Valuing property in a real estate transaction
Demystify bank valuation and property market value
Selling a property can be a real hassle when it comes to figuring out its worth as well as market pricing. When one decides to sell a piece of property, one can either engage a licensed professional valuer or obtain a valuation from a commercial bank to ascertain the property price. Bank valuations are typically much lower compared to the actual or intrinsic value of a property under evaluation. This is done to shield banks against any potential investment risks. Moreover, the amount of valuation itself is seen as a hedge of sorts in the event that buyers should default on their loan repayment. Henceforth, the bank will be able to recoup its investment and to minimise its losses.
Identifying market value
The so-called market value of a property is legally termed or defined as its estimated price after valuation. This final price has been agreed upon unanimously by all interested parties specifically the buyer and the seller.
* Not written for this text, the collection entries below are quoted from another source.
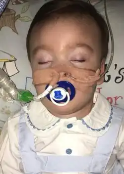 Alfie James Evans (9 May 2016 – 28 April 2018), was an infant boy from Liverpool with an undiagnosed neurodegenerative disorder,[1] later revealed to be GABA-transaminase deficiency.[2] The medical team and the child's parents disagreed about whether to maintain his life support or to withdraw it, resulting in a legal battle. Alder Hey Children's NHS Foundation Trust sought a declaration that continued mechanical ventilation was "unkind and inhumane", and not in the child's best interests. Alfie's parents, Kate James and Thomas Evans, contested the application.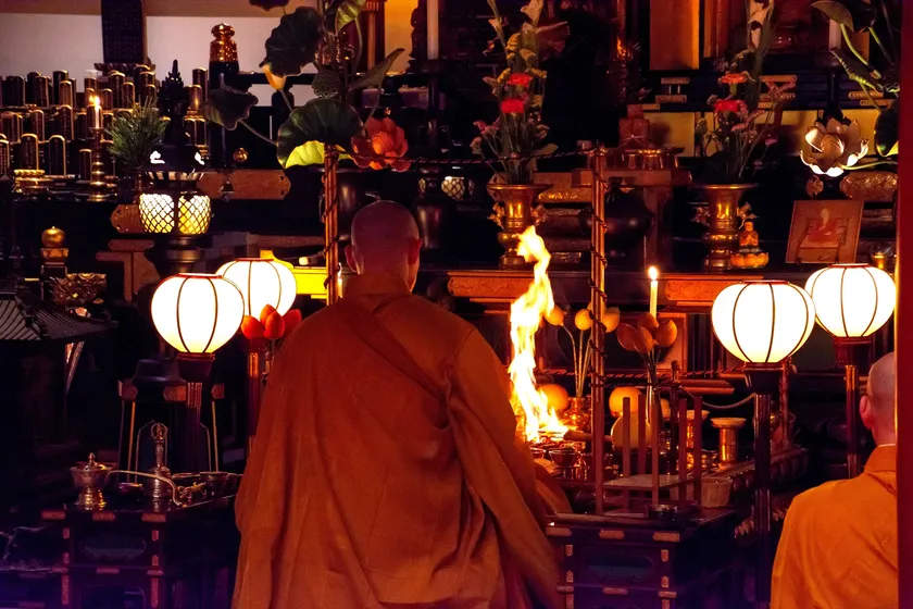 毎月21日、月並御影供(護摩祈祷会)を実施しております。御影供は檀家様に限らず、一般の方のご参列も事前予約不要で参加できます。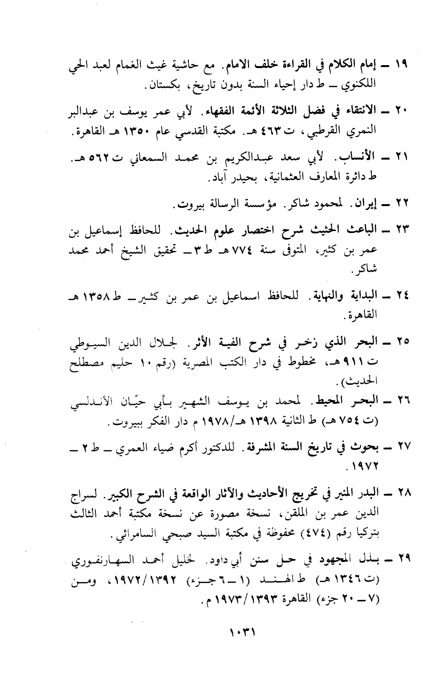 19- إمام الكلام في القراءة خلف الإمام. مع حاشية غيث الغمام لعبد الحي اللكنوي- ط دار إحياء السنة بدون تاريخ، بكستان.

The market price is sometimes popularly referred to as the asking price for the property within any real estate transaction.
Valuation by the banks
Since banks themselves do not possess the credentials or expertise to carry out a property valuation, they typically seek the services of licensed valuers. A proper valuation is then conducted pending the final report. Prior to the report, bankers do provide a price overview or an approximate value to sellers through the professional valuers.
Documents for perusal
Whether a particular property meet the key criteria and stringent requirements of a valuation will depend on the documentation presented for a valuer’s scrutiny, and the most important official document being the property land title. An infrastructure inspection will subsequently be undertaken to the gauge the condition of the subject property. Physical defects are thereby identified and marked as demerit points in this laborious evaluation process. Other factors to be taken into account and consideration include location, accessibility, amenities, facilities, and future developments.
Enhancing property value
There are several ways to increase the value of a property which involves making physical changes or modifications to the existing property. This generally includes renovation and refurbishment. Dilapidated or haggard-looking houses are often given a facelift or fresh makeover to give it a brand-new appearance which increases their inherent market value. Creating extensions or additional partitions to a building’s infrastructure also changes their overall value, this however has to be approved by local council, otherwise it will be voided and have to be removed. A change in the property’s land title may actually elevate its value as witnessed in properties that have been converted from residential type to commercial use. For secondary or sub-sale properties, preparing a proper tenancy agreement can also help to boost the long-term returns or rental yield of the property itself.